### Try it
Go to the line with "This sinuous and" in the records below, then output it and each following line exactly, up to and including the line with "2023年11月7日,第六届进博会医疗器械及医药保健展区阿斯利康(AstraZeneca)展台。(视觉中国 / 图)". Skip pictures and add nothing.

### Working data
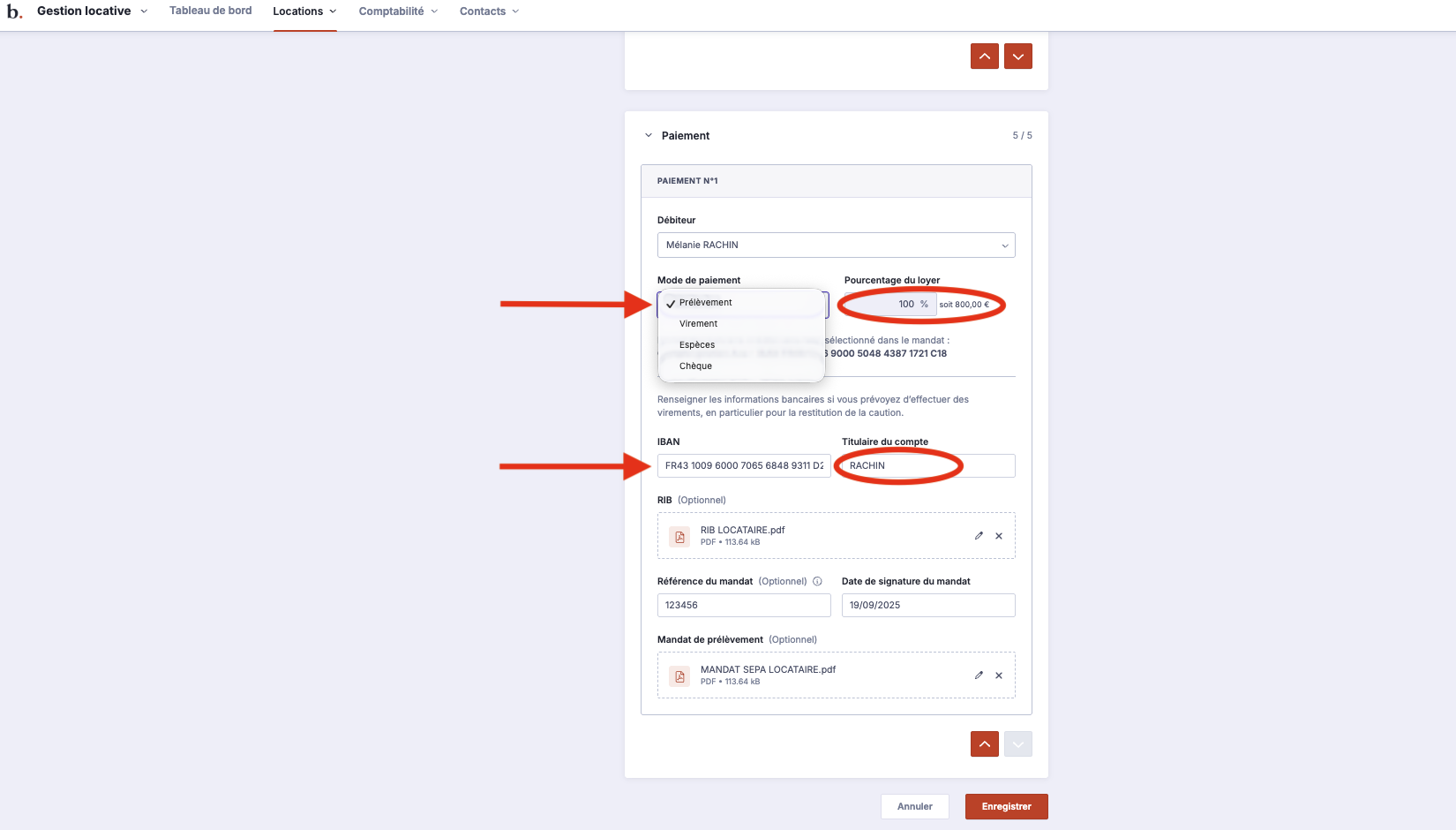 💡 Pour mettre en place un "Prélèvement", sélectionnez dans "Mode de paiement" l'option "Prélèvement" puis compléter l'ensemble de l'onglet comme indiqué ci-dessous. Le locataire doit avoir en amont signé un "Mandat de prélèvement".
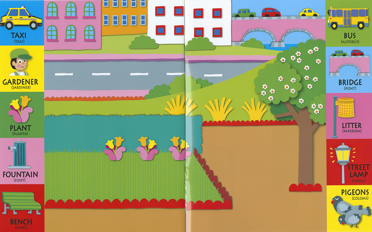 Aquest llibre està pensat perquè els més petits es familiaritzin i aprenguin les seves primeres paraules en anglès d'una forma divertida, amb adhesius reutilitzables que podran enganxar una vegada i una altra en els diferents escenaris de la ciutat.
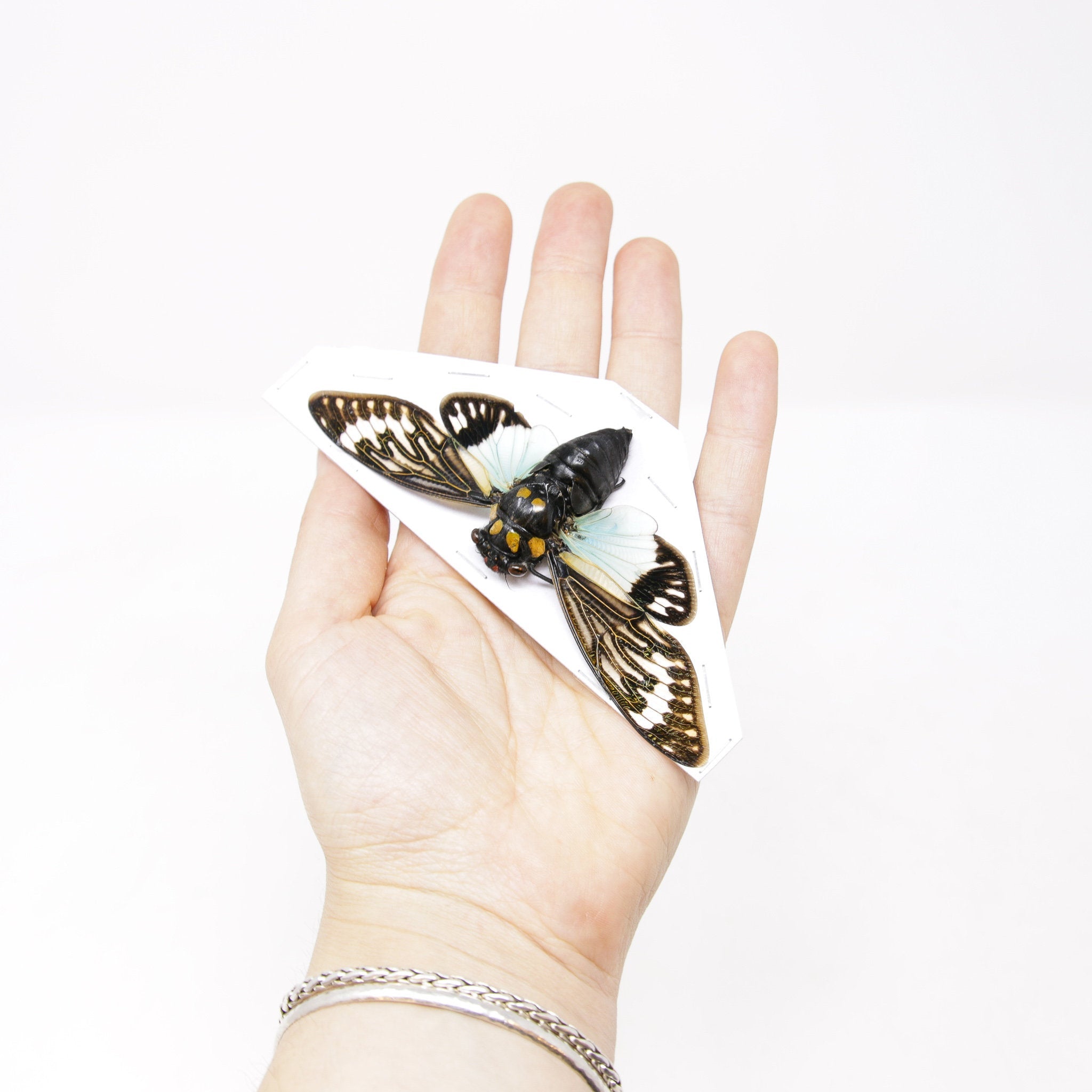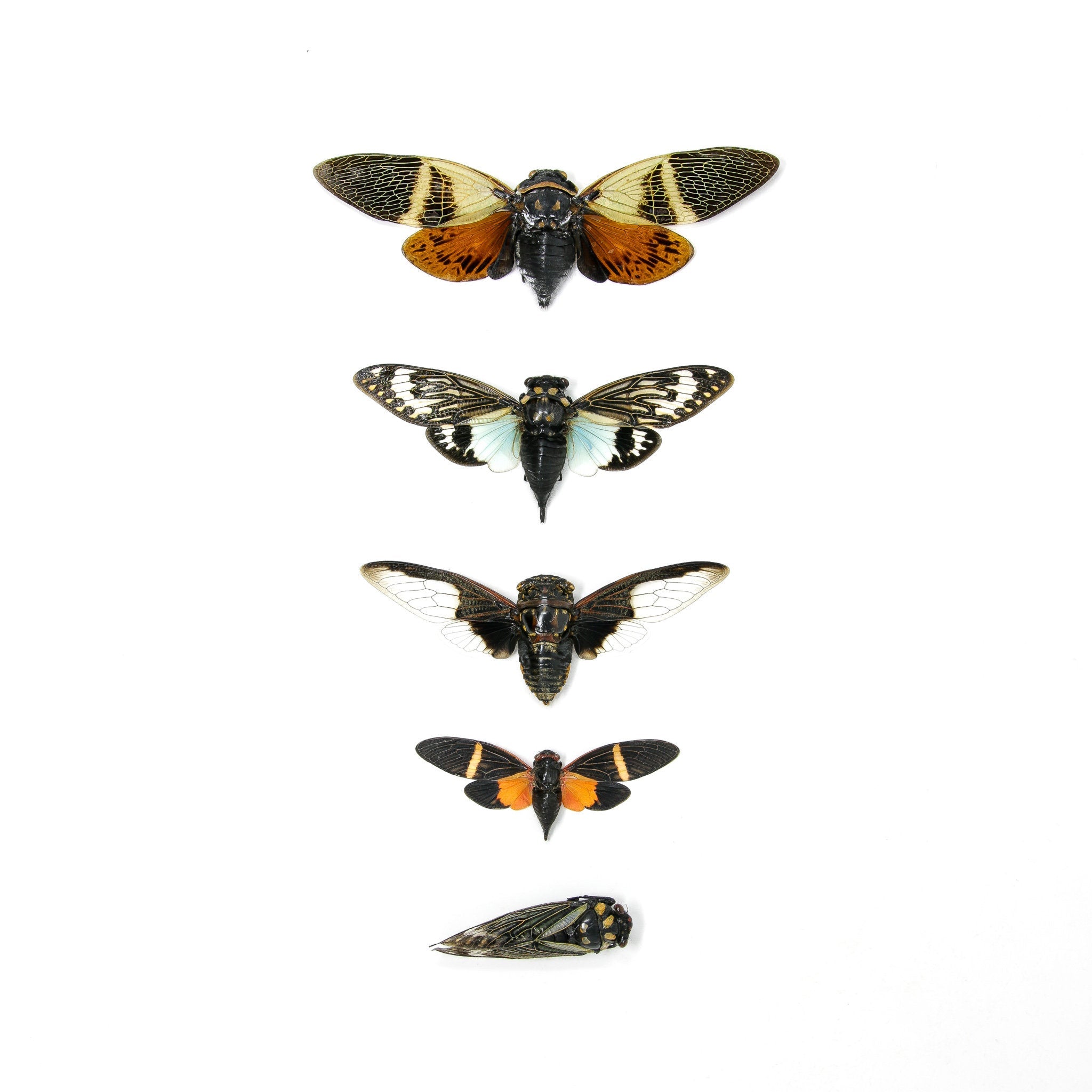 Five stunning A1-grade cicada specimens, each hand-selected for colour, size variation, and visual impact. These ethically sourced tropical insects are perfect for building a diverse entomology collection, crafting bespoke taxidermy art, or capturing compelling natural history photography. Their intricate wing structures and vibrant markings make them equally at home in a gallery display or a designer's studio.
==
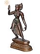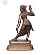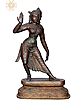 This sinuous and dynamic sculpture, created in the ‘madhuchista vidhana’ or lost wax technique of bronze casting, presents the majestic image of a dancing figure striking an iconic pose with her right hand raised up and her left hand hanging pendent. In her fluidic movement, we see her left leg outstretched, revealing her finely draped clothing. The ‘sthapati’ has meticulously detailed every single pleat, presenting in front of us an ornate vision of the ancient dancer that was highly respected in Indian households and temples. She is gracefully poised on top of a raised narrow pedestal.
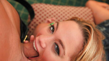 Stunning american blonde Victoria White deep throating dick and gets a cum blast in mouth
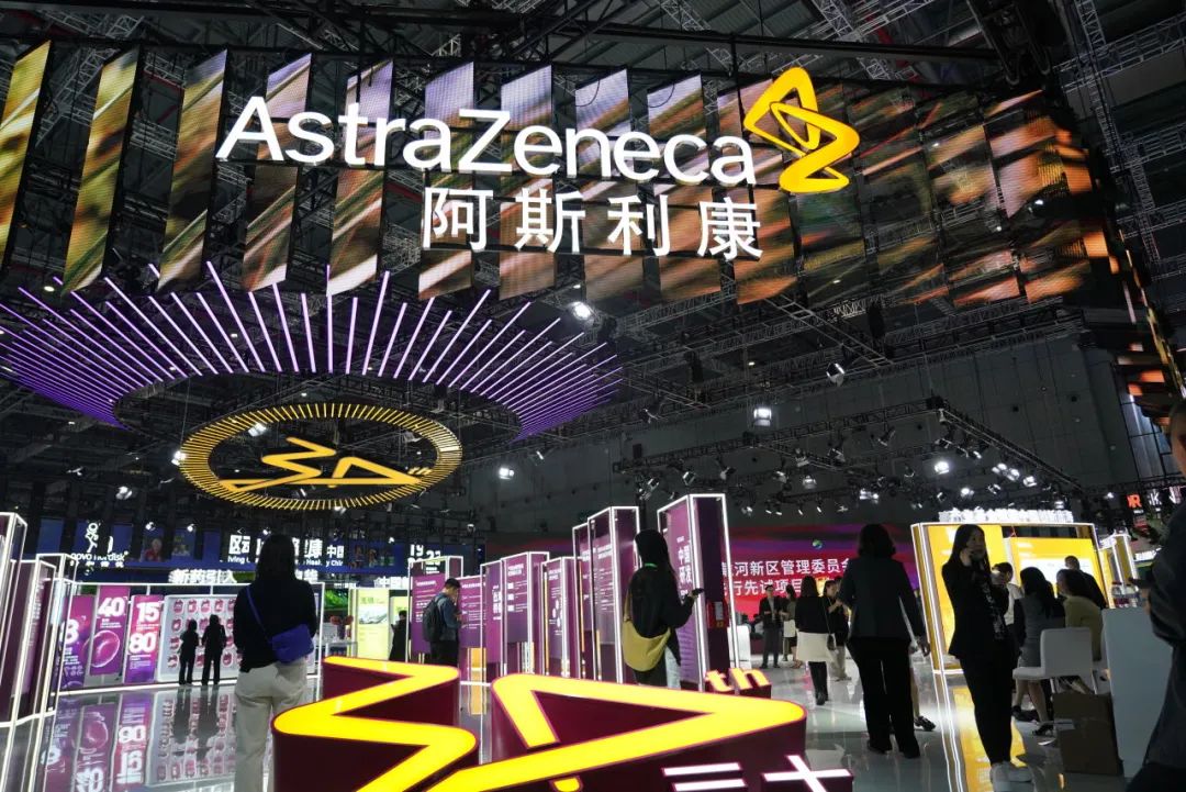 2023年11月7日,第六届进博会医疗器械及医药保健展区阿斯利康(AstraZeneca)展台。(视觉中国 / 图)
==
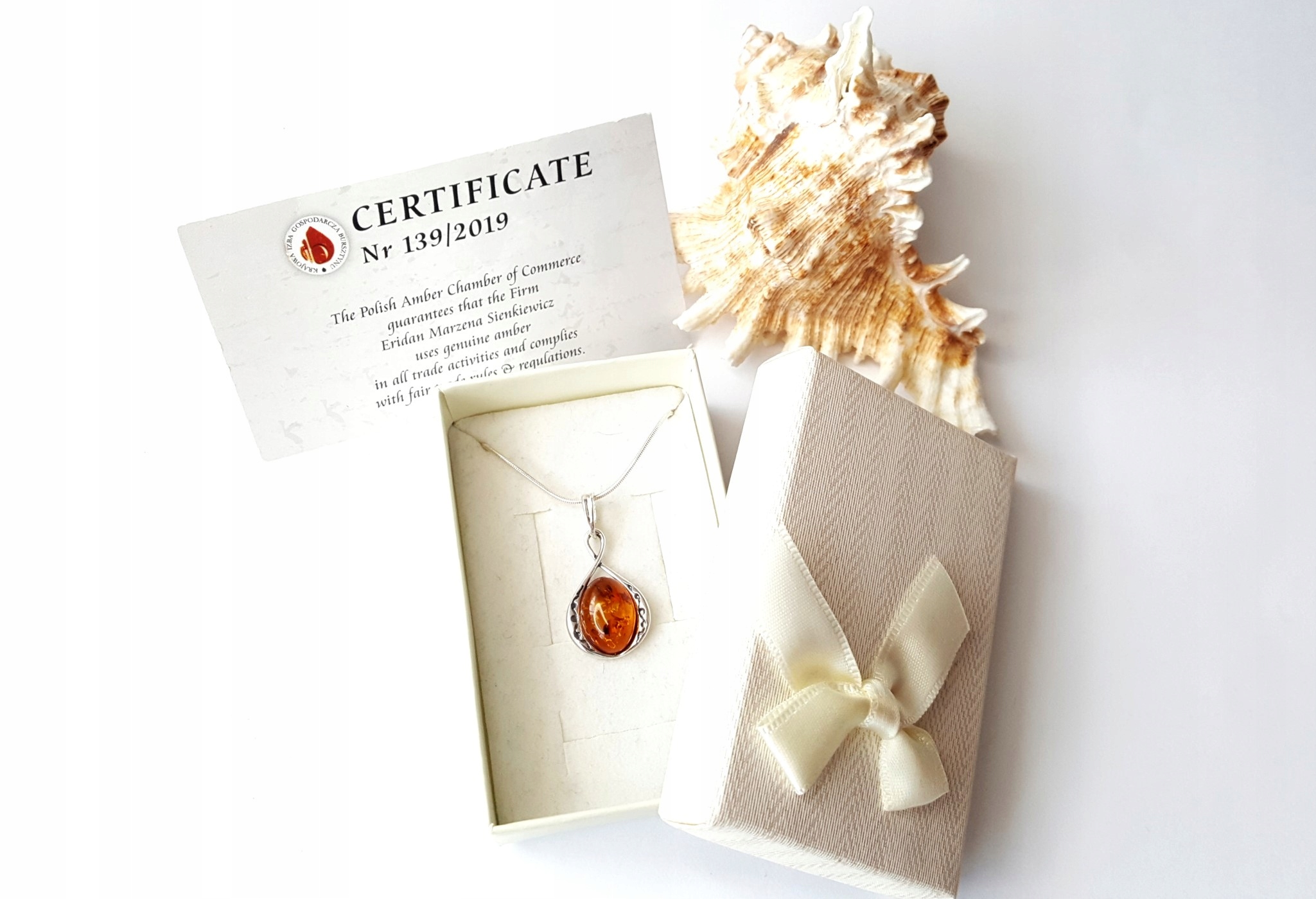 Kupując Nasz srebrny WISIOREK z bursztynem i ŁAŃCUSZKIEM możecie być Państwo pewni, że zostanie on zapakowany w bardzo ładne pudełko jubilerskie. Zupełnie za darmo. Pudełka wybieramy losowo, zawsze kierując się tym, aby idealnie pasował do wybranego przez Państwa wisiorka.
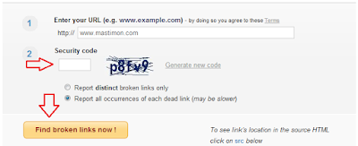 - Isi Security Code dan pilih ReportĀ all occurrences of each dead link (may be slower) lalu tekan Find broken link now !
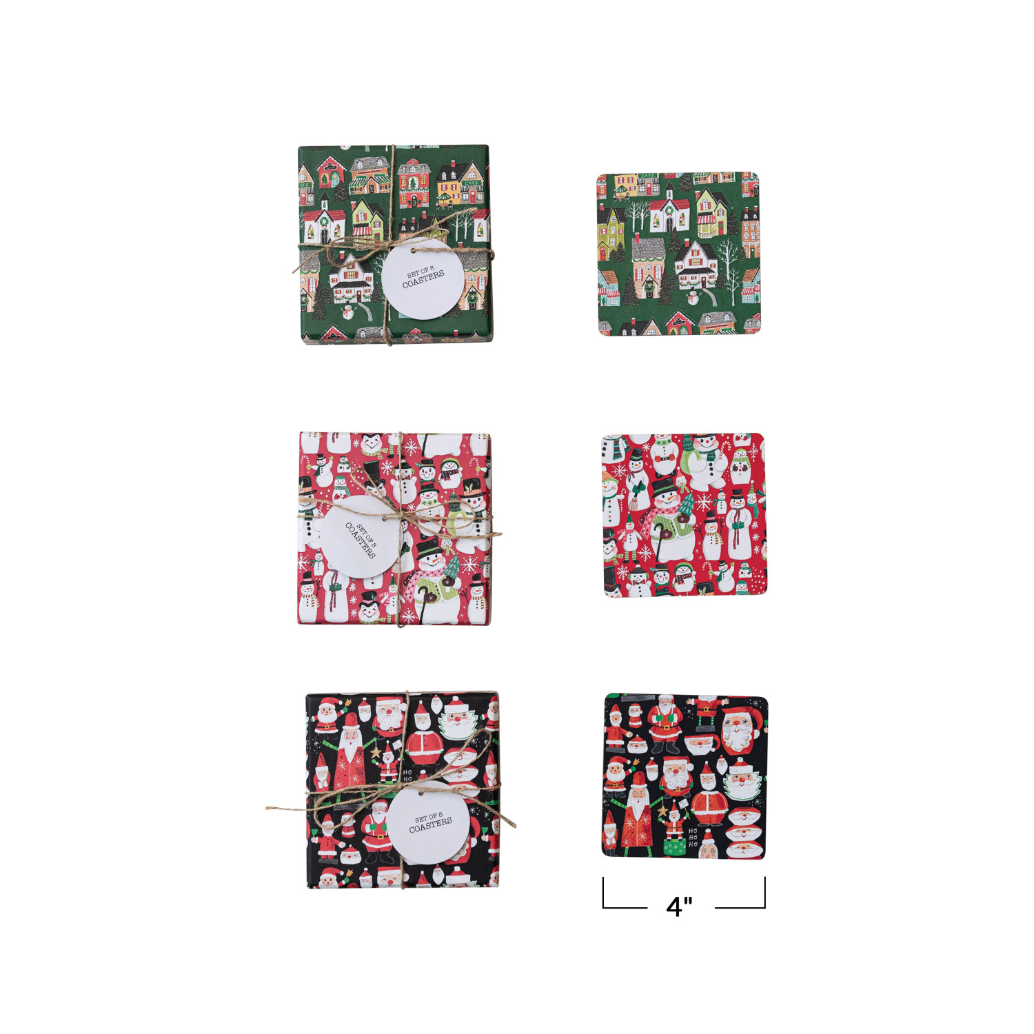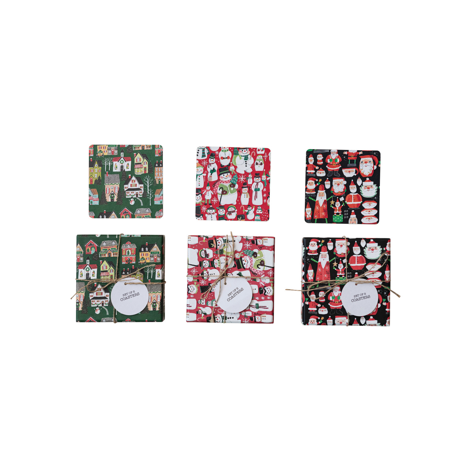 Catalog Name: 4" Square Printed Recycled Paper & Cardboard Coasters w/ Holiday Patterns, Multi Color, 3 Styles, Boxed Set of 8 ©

### Solution to the problem
 This sinuous and dynamic sculpture, created in the ‘madhuchista vidhana’ or lost wax technique of bronze casting, presents the majestic image of a dancing figure striking an iconic pose with her right hand raised up and her left hand hanging pendent. In her fluidic movement, we see her left leg outstretched, revealing her finely draped clothing. The ‘sthapati’ has meticulously detailed every single pleat, presenting in front of us an ornate vision of the ancient dancer that was highly respected in Indian households and temples. She is gracefully poised on top of a raised narrow pedestal.
 Stunning american blonde Victoria White deep throating dick and gets a cum blast in mouth
 2023年11月7日,第六届进博会医疗器械及医药保健展区阿斯利康(AstraZeneca)展台。(视觉中国 / 图)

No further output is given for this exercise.